Frequently asked questions#

This topic provides answers to frequently asked questions from new HIP users and users familiar with NVIDIA CUDA.

HIP Support#

What hardware does HIP support?#

HIP supports AMD and NVIDIA GPUs. See prerequisites of the install guide for detailed information.

What operating systems does HIP support?#

Linux as well as Windows are supported by ROCm. The exact versions are listed in the system requirements for Supported operating systems and Supported SKUs.

Note

Not all HIP runtime API functions are yet supported on Windows. A note is added to those functions’ documentation in the HIP runtime API reference.

What libraries does HIP provide?#

HIP provides key math and AI libraries. See ROCm libraries for the full list.

What NVIDIA CUDA features does HIP support?#

The NVIDIA CUDA runtime API supported by HIP and NVIDIA CUDA driver API suupported by HIP pages describe which NVIDIA CUDA APIs are supported and what the equivalents are. The HIP API documentation describes each API and its limitations, if any, compared with the equivalent CUDA API.

The kernel language features are documented in the C++ language extensions page.

Relation to other GPGPU frameworks#

Is HIP a drop-in replacement for CUDA?#

The HIPIFY tools can automatically convert almost all CUDA runtime code to HIP. Most device code needs no additional conversion because HIP and CUDA have the same signatures for math and built-in functions except for the name. HIP code provides similar performance as native CUDA code on NVIDIA platforms, plus the benefits of being compilable for AMD platforms.

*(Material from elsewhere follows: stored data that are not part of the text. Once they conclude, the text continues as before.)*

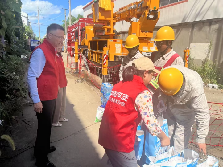 在吴中区临湖镇不停电作业现场,10余名工作人员正脚踩绝缘斗臂车,在近40℃的高空进行电路检修,工人们的工作服早已被汗水浸透又晒干,形成层层盐渍。志愿者们快步上前,将清凉物资递到工人手中:“师傅们高空作业太辛苦了!快喝瓶冰水降降温,一定要注意安全!” 豆大的汗珠从黝黑的脸颊滑落,工人师傅接过物资时的那句“谢谢你们记得我们”,让现场所有人深受触动。平安融易志愿者为电力工人送上清凉物资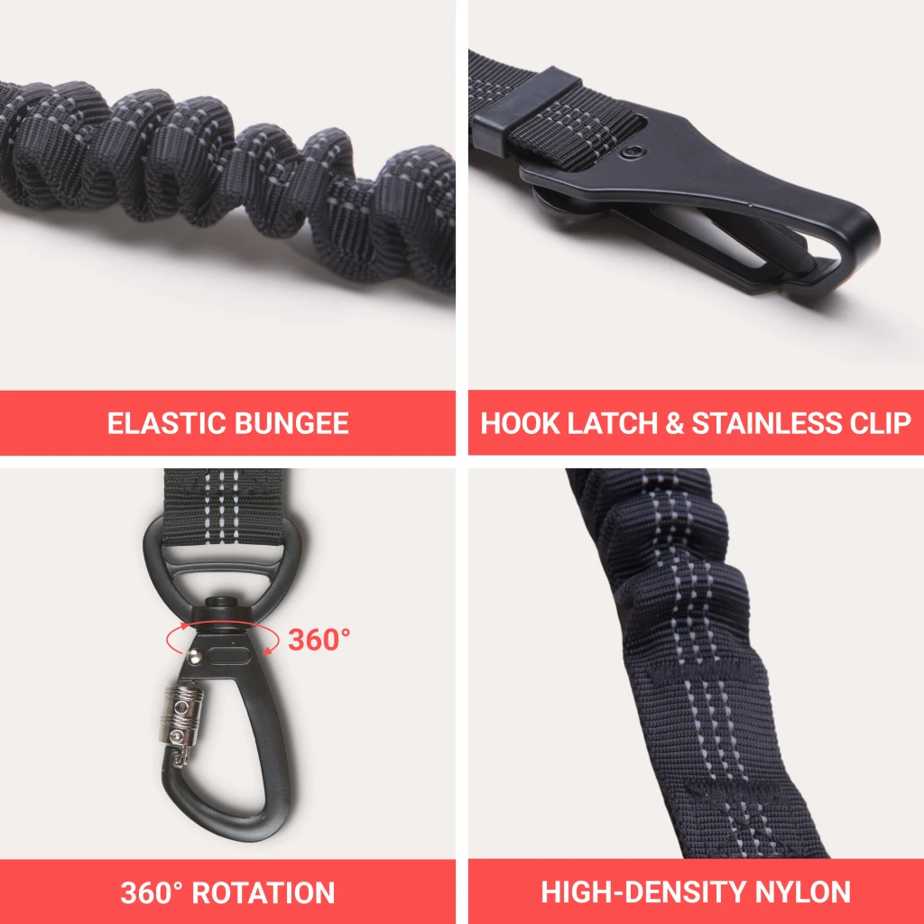 I'm really impressed by this product! Its anti-rust metal components ensure durability, while the shock-absorbing bungee protects my pet during unexpected brakes or falls. It's clear that it's built to last and provide reliable protection.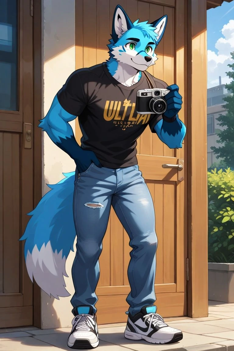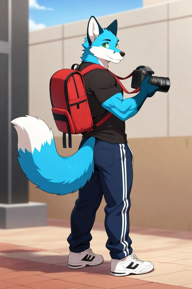 walk into collage. Finding blue fox furry to walk up you. "hi... I'm sorry. I accidentally took a photo of you. My subject was supposed to be the tree. Would it be ok if I leave it in? You make an excellent model"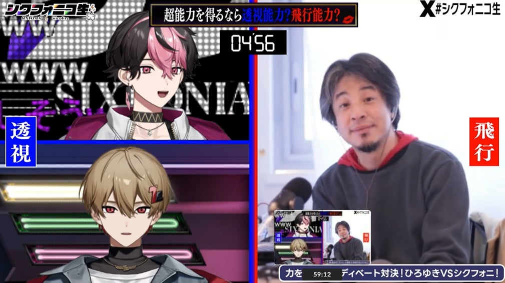 前半のコーナーは「先輩教えてください!ひろゆきさんにお悩み相談!!!」。シクフォニメンバー6人からそれぞれ、ひろゆきへ悩みを相談し、ひろゆきの広い知見からズバッと回答してもらいます。MCの鬼龍院がコーナーを進行しようとすると、ひろゆきから「鬼龍院さんMCやってるの新鮮な感じがしますね」と触れられると、鬼龍院は「音楽だけでは厳しいと最近気づき始めて…」と返し、視聴者からの笑いを誘いました。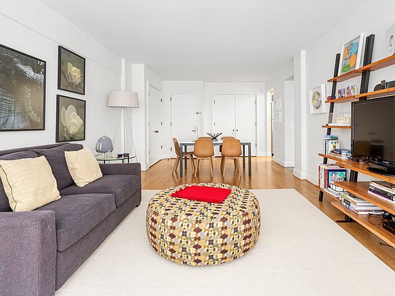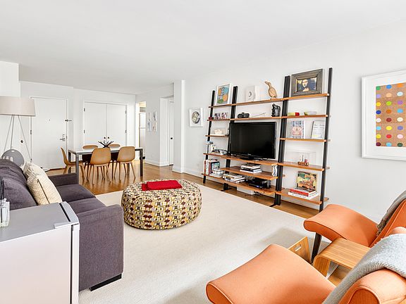 The building offers a full-time doorman, bike room, gym, package room, live-in super, laundry, and storage.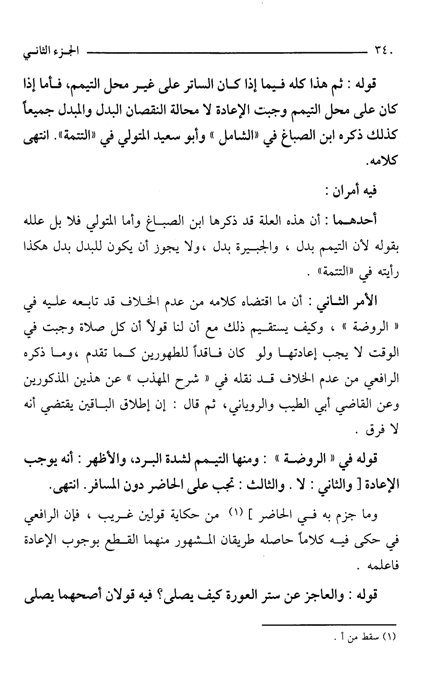 الأمر الثاني: أن ما اقتضاه كلامه من عدم الخلاف قد تابعه عليه في "الروضة"، وكيف يستقيم ذلك مع أن لنا قولًا أن كل صلاة وجبت في الوقت لا يجب إعادتها ولو كان فاقدًا للطهورين كما تقدم، وما ذكره الرافعي من عدم الخلاف قد نقله في "شرح المهذب" عن هذين المذكورين وعن القاضي أبي الطيب والروياني، ثم قال: إن إطلاق الباقين يقتضي أنه لا فرق.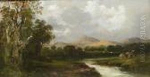 Wooded Mountain Scene With Highland Cattle 11½ X 17½ Inches. Gilt Mount With Broad Gilt Frame 20 X 25 Inches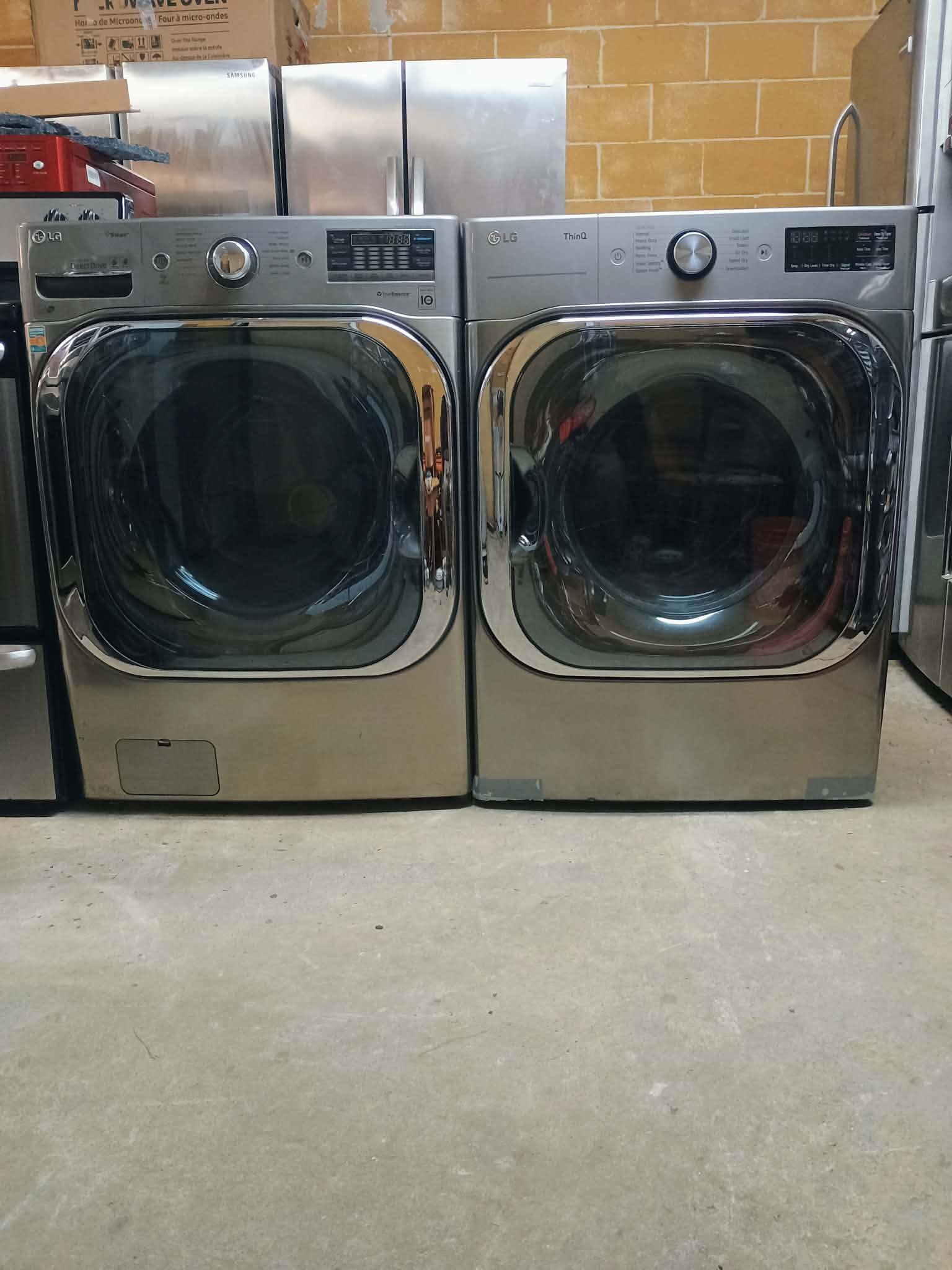 Clean LG washer and dryer set. Both silver front load machines. Washer has Direct Drive and Steam features. Dryer has ThinQ tech. Great for your laundry room. Delivery and installation included !!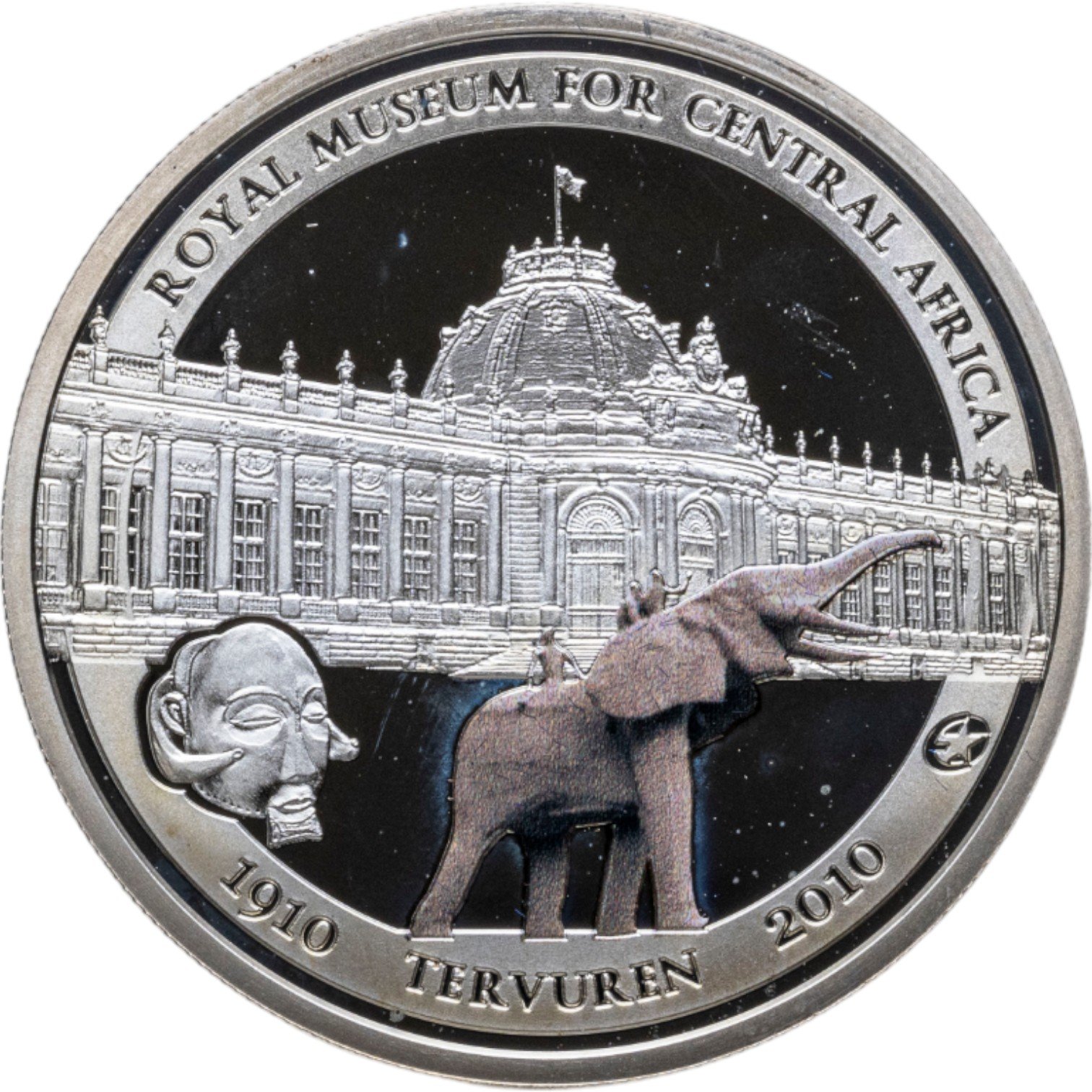 Описание реверса: в центральной части — здание королевского музея Центральной Африки, под ним — чучело мамонта и голова древнего человека. В верхней части по дуге края монеты текст на английском: «ROYAL MUSEUM FOR CENTRAL AFRICAN» — Королевский музей Центральной Африки, снизу — «1910 TERVUREN 2010» — 1910 Тервюрн 2010. 3

Additional porting might be required to deal with architecture feature queries or CUDA capabilities that HIP doesn’t support.

How does HIP compare with OpenCL?#

HIP offers several benefits over OpenCL:

  • Device code can be written in modern C++, including templates, lambdas, classes and so on.

  • Host and device code can be mixed in the source files.

  • The HIP API is less verbose than OpenCL and is familiar to CUDA developers.

  • Porting from CUDA to HIP is significantly easier than from CUDA to OpenCL.

  • HIP uses development tools specialized for each platform: amdclang++ for AMD GPUs or nvcc for NVIDIA GPUs, and profilers like omniperf or Nsight Systems.

  • HIP provides * pointers and host-side pointer arithmetic. * device-level control over memory allocation and placement. * an offline compilation model.

How does porting CUDA to HIP compare to porting CUDA to OpenCL?#

OpenCL differs from HIP and CUDA when considering the host runtime, but even more so when considering the kernel code. The HIP device code is a C++ dialect, while OpenCL is C99-based. OpenCL does not support single-source compilation.

As a result, the OpenCL syntax differs significantly from HIP, and porting tools must perform complex transformations, especially regarding templates or other C++ features in kernels.

To better understand the syntax differences, see here or the HIP porting guide.

Can I install CUDA and ROCm on the same machine?#

Yes, but you require a compatible GPU to run the compiled code.

On NVIDIA platforms, can I mix HIP code with CUDA code?#

Yes. Most HIP types and data structures are typedef s to CUDA equivalents and can be used interchangeably. This can be useful for iteratively porting CUDA code.

See HIP porting guide for more details.

Can a HIP binary run on both AMD and NVIDIA platforms?#

HIP is a source-portable language that can be compiled to run on AMD or NVIDIA platforms. However, the HIP tools don’t create a “fat binary” that can run on both platforms.